---------- Recorded data ----------
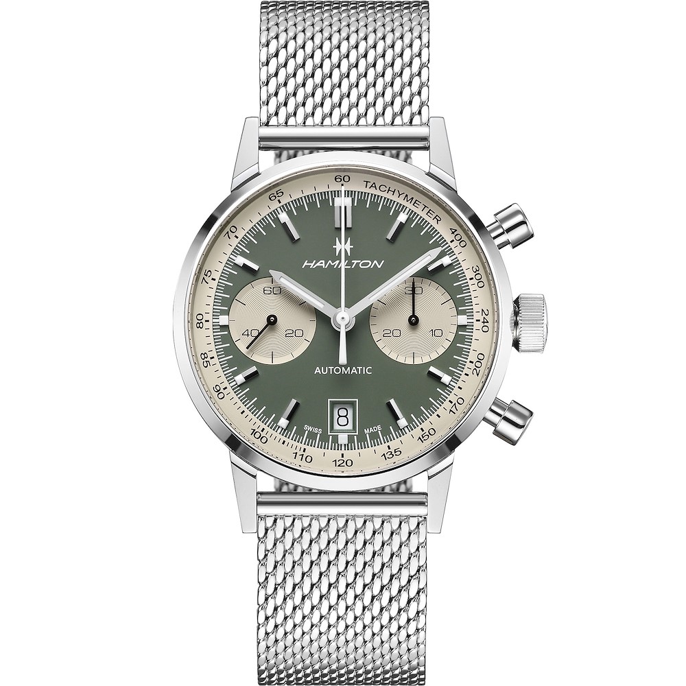 Il nuovo Hamilton Intra-Matic Automatic Chronograph è un connubio di sportività e vintage: uno stile che saprà catturare l’attenzione. Rivisitazione moderna di un pezzo iconico datato 1968, presenta il caratteristico quadrante effetto “panda” in un nuovo abbinamento bianco e verde chiaro. Che tu scelga la versione bracciale maglia milano o il cinturino in pelle marrone, il tuo stile sarà sempre inimitabile.
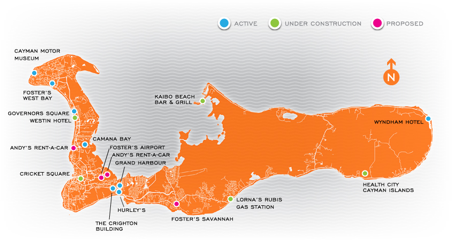 Here you will find the locations of all powering stations for EV's! (Electric Vehicles)
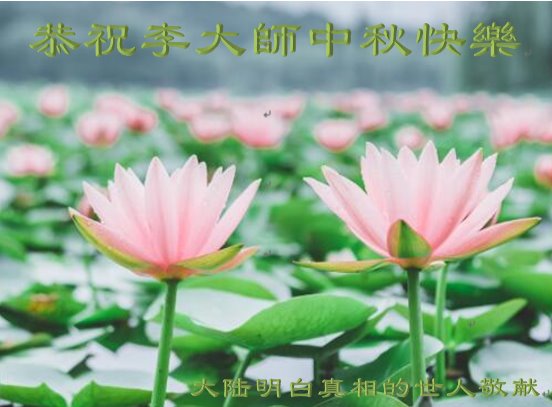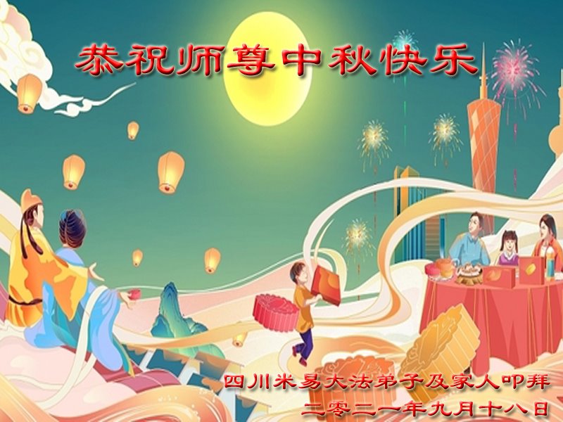 师尊您辛苦了!我们要认真学法、精進实修、抓紧时间救度世人,不负师尊的慈悲救度。 山东省烟台市龙口市大法弟子家明真相的有福人衷心祝愿大法师父中秋节快乐!
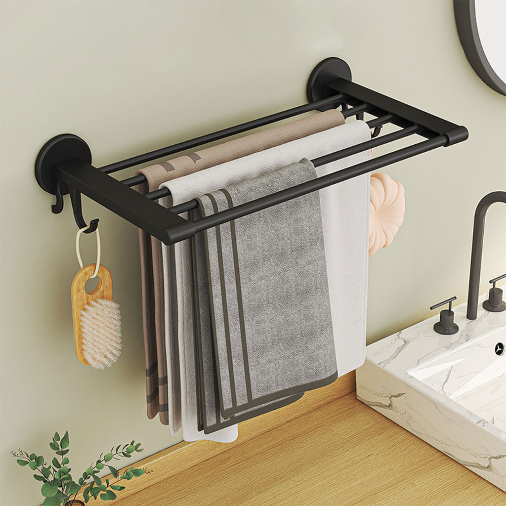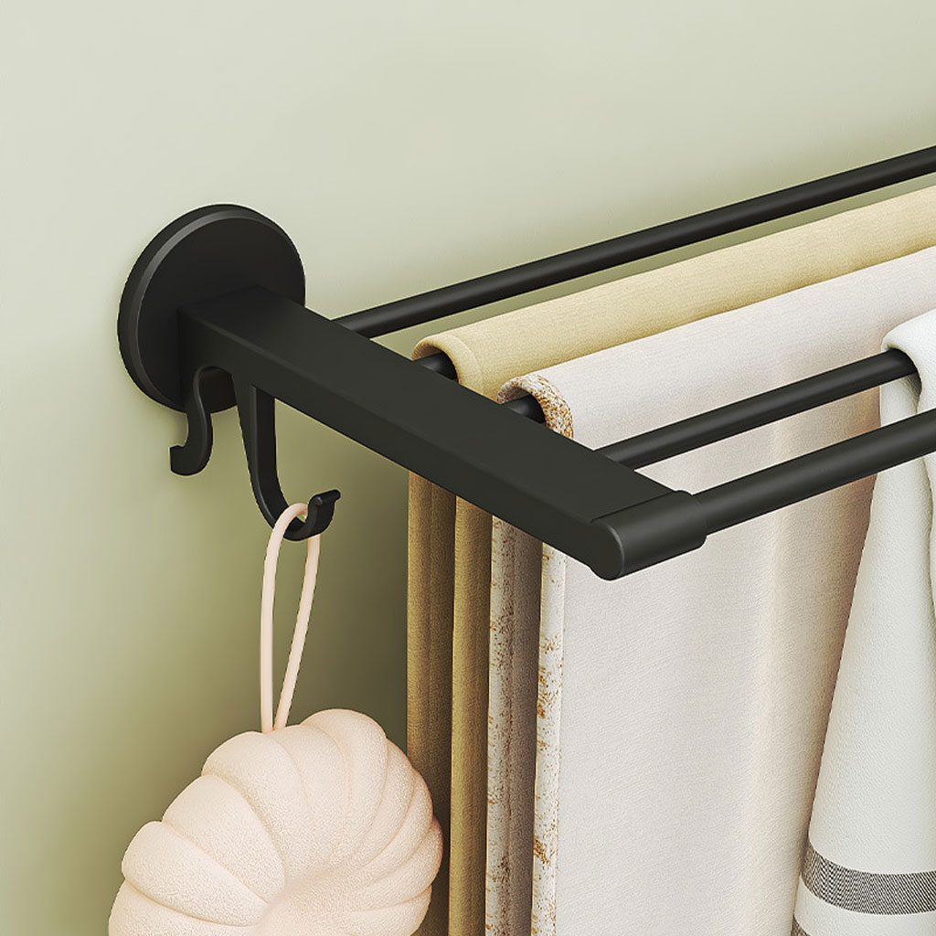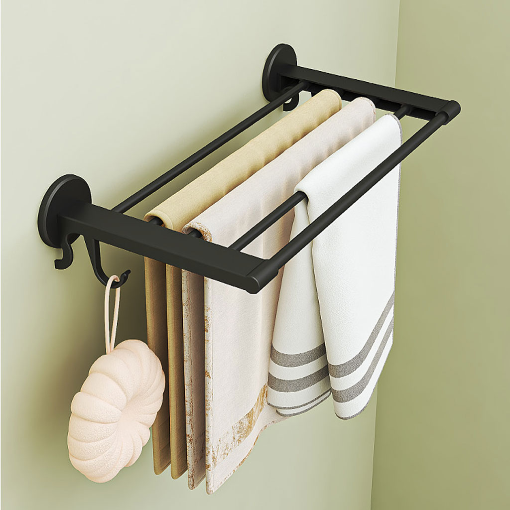 ✅ تثبيت بدون حفر : يثبت بسهولة على الجدار دون الحاجة إلى الحفر، مما يحافظ على الأسطح.✅ تصميم قابل للطي : يمكن طيه عند عدم الاستعمال لتوفير المساحة.✅ مادة عالية الجودة : مصنوع من الألومنيوم المقاوم للصدأ والماء، لضمان المتانة وطول العمر.✅ خطافات مدمجة : يحتوي على خطافات ثابتة ومتحركة لتعليق المناشف، الأرواب، والإكسسوارات الأخرى.✅ تصميم عصري : لمسة أنيقة باللون الأسود تناسب مختلف ديكورات الحمام.🔹 لماذا تختار هذا المنتج ؟
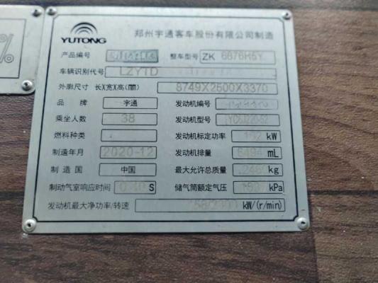 | 客车品牌 | 宇通客车 | 上牌时间 | 2020-12-17 |
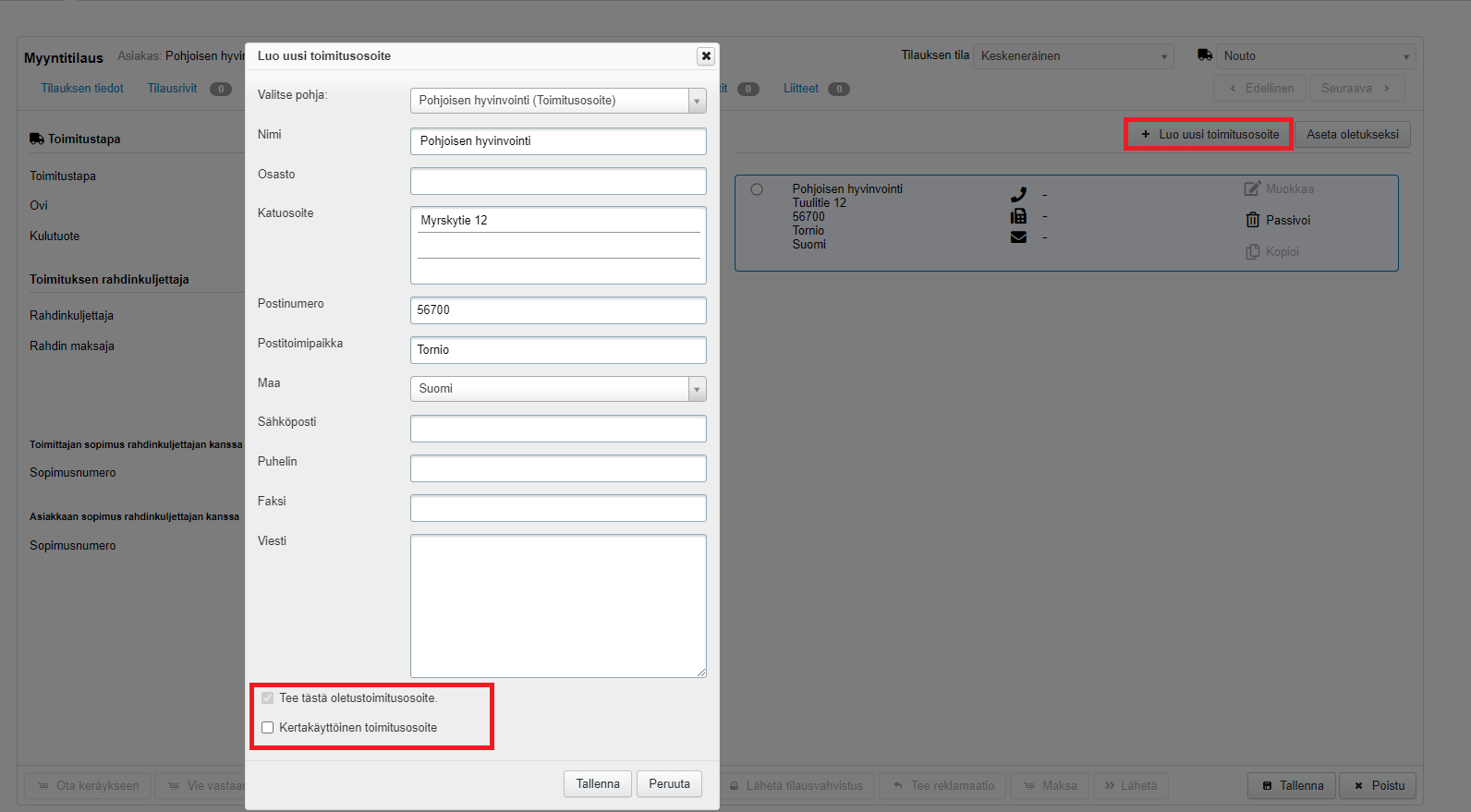 - Kun luot uuden toimitusosoitteen, sekä Tee tästä oletustoimitusosoite- että Kertakäyttöinen toimitusosoite -valinnat ovat oletuksena valittuina. Jos osoitetta on tarkoitus käyttää useamminkin, poista valinta kertakäyttöisyyskohdasta. Suosittelemme tätä toimintatapaa.
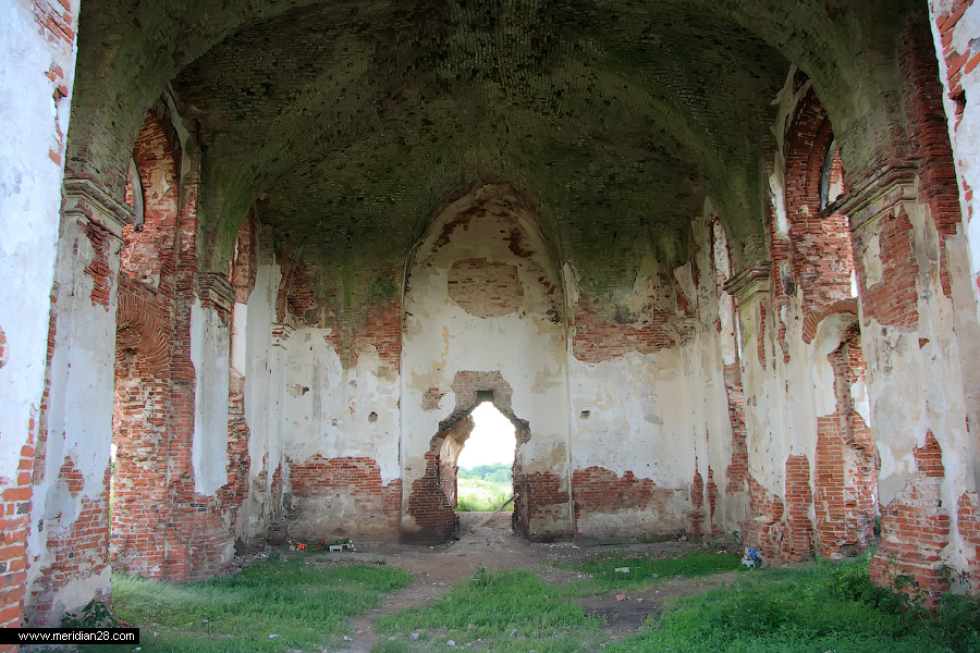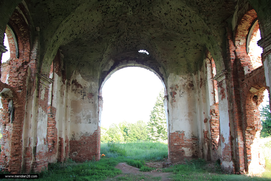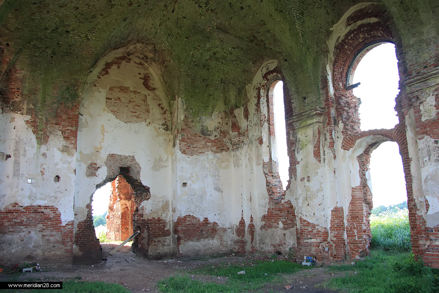 К сожалению, оформление интерьера не сохранилось — церковь серьезно пострадала в
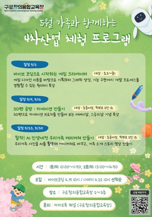 참여 신청은 구로창의융합교육장 누리집에서 선착순으로 접수하며, 프로그램별 운영 일정과 신청 기간 등 자세한 사항도 함께 확인할 수 있다.
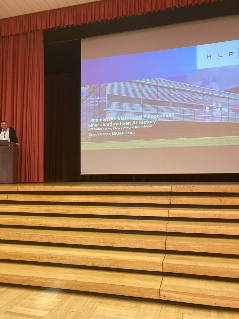 Prof. Resch again (replacing Dennis Hoppe who had an accident with his child 😉 talked about „HammerHAI: status und perspectives of a cloud-native AI factory“: last year, the EU issued a very short-term call for AI factories: the first one in Germany went to HLRS.
----------
--- Task instructions ---
Every entry is to be transcribed exactly, but the pictures are to be left out.

--- Response to the task ---
 Il nuovo Hamilton Intra-Matic Automatic Chronograph è un connubio di sportività e vintage: uno stile che saprà catturare l’attenzione. Rivisitazione moderna di un pezzo iconico datato 1968, presenta il caratteristico quadrante effetto “panda” in un nuovo abbinamento bianco e verde chiaro. Che tu scelga la versione bracciale maglia milano o il cinturino in pelle marrone, il tuo stile sarà sempre inimitabile.
 Here you will find the locations of all powering stations for EV's! (Electric Vehicles)
 师尊您辛苦了!我们要认真学法、精進实修、抓紧时间救度世人,不负师尊的慈悲救度。 山东省烟台市龙口市大法弟子家明真相的有福人衷心祝愿大法师父中秋节快乐!
 ✅ تثبيت بدون حفر : يثبت بسهولة على الجدار دون الحاجة إلى الحفر، مما يحافظ على الأسطح.✅ تصميم قابل للطي : يمكن طيه عند عدم الاستعمال لتوفير المساحة.✅ مادة عالية الجودة : مصنوع من الألومنيوم المقاوم للصدأ والماء، لضمان المتانة وطول العمر.✅ خطافات مدمجة : يحتوي على خطافات ثابتة ومتحركة لتعليق المناشف، الأرواب، والإكسسوارات الأخرى.✅ تصميم عصري : لمسة أنيقة باللون الأسود تناسب مختلف ديكورات الحمام.🔹 لماذا تختار هذا المنتج ؟
 | 客车品牌 | 宇通客车 | 上牌时间 | 2020-12-17 |
 - Kun luot uuden toimitusosoitteen, sekä Tee tästä oletustoimitusosoite- että Kertakäyttöinen toimitusosoite -valinnat ovat oletuksena valittuina. Jos osoitetta on tarkoitus käyttää useamminkin, poista valinta kertakäyttöisyyskohdasta. Suosittelemme tätä toimintatapaa.
 К сожалению, оформление интерьера не сохранилось — церковь серьезно пострадала в
 참여 신청은 구로창의융합교육장 누리집에서 선착순으로 접수하며, 프로그램별 운영 일정과 신청 기간 등 자세한 사항도 함께 확인할 수 있다.
 Prof. Resch again (replacing Dennis Hoppe who had an accident with his child 😉 talked about „HammerHAI: status und perspectives of a cloud-native AI factory“: last year, the EU issued a very short-term call for AI factories: the first one in Germany went to HLRS.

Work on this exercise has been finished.